Dia telah mengorbankan waktunya,
Waktu yang bisa ia gunakan untuk mengerjakan pekerjaan lain,
Waktu yang bisa ia gunakan untuk keluarganya,
Waktu yang bisa ia gunakan untuk beristirahat,
Ia korbankan itu semua hanya untuk mendidikmu di sekolah,
Tak sekedar mengajarimu ilmu namun jua mendidik akhlakmu.
Tak sekedar memberi petuah namun jua menjadi teladan untukmu.

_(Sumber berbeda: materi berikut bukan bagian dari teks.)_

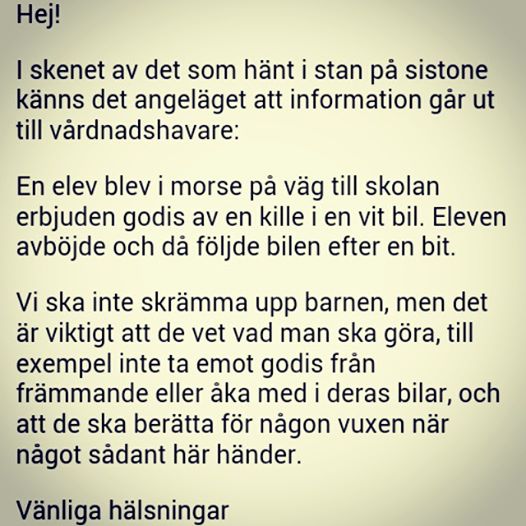 12 Mars 2015 12 mar 2015 av Vall Sabina Kul med ett sånthär mail från skolans rektor… Nackskott på sånnhär vidriga människor som försöker komma åt barn, ush!!

Apa? Apa kau mengeluh saat belaian ibu membangunkanmu di pagi hari untuk sekolah?
Andai kau tahu seberapa shubuh dia bangun untuk menyiapkan semuanya?
Pernahkah kau mendengar cerita bahwa di pagi buta dia terburu-buru membereskan rumah dan menyiapkan sarapan untuk keluarganya sebelum mendidikmu di sekolah?
Pernahkah kau mendengar cerita bahwa di pagi buta dia mempersiapkan ilmu-ilmu terbaik untuk disampaikan kepadamu di sekolah?

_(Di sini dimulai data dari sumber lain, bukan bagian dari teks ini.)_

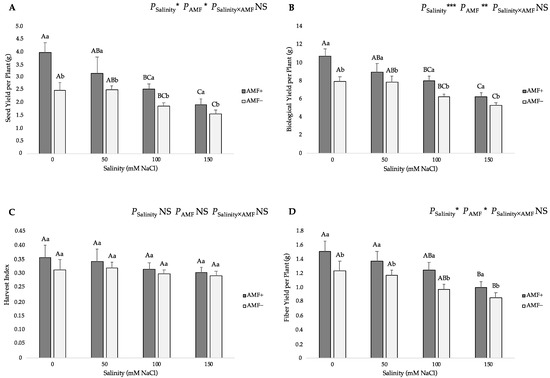 Effects of arbuscular mycorrhizal fungi (AMF) inoculation on (A) seed yield per plant, (B) biological yield per plant, (C) harvest index, and (D) stem fiber yield per plant of flax at different salinity (0, 50, 100, and 150 mM NaCl) levels. AMF+: with AM inoculum; AMF−: without inoculation. NS: No significant effect; *, ** and ***: Significant at 5%, 1% and 0.1% probability levels, respectively. Values are means ± standard error. The different capital letters indicate significant differences among different salinity levels, and the different lowercase letters for the same salinity level indicate significant differences among different AMF inoculation treatments according to the Tukey’s HSD test (p ≤ 0.05).

Apa? Apa kau mengeluh saat kau harus belajar di sekolah?
Andai kau tahu bagaimana perasaan dia melihatmu begitu?
Di saat kau hanya cukup memperhatikannya, dia harus mempersiapkan semua yang akan dia sampaikan padamu.
Di saat kau hanya cukup mengerjakan, dia harus berputar otak mencari pertanyaan-pertanyaan untukmu.
Di saat kau hanya cukup mengajukan pertanyaan, dia harus memikirkan jawaban terbaik apa yang harus dia sampaikan padamu—sebab dia tahu persis, yang paling sulit dari menjawab pertanyaanmu bukanlah mencari jawaban namun cara menyampaikan jawaban agar kau dapat mengerti.

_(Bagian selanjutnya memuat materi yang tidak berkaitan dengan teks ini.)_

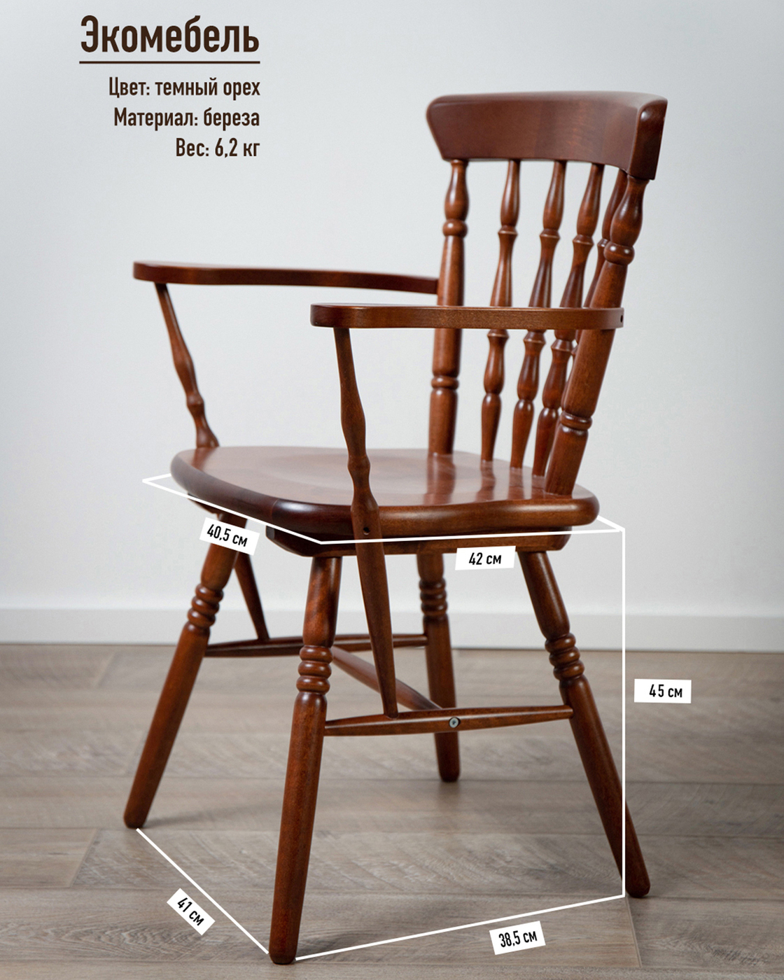 Стул из массива дерева с подлокотниками "Классика" Тёмный орех, 1 шт.

Apa? Apa kau mengeluh saat dia memberimu tugas?
Andai kau tahu apa tujuan sebenarnya dia memberimu tugas?
Kau cukup mengerjakan tugas itu,
Namun, dia harus memikirkan tugas apa yang kira-kira tepat untukmu.
Kau cukup mengerjakan tugas itu,
Namun, dia harus memikirkan andaikan kau salah menjawab, harus seperti apa dia menjelaskan ilmu itu padamu.

Apa? Apa kau mengeluh saat dia menegurmu?
Andai kau tahu mengapa dia sampai seperti itu?
Di pundaknya tersimpan amanah dan tanggung jawab yang begitu besar.
Apa kau tahu, orang tuamu menitipkan dirimu padanya bukan sekedar untuk memberimu berbagai ilmu namun jua mendidikmu menjadi insan yang sejati?
Apa kau tahu, di akhirat nanti kelak dia akan dimintai pertanggung jawaban atas hal itu?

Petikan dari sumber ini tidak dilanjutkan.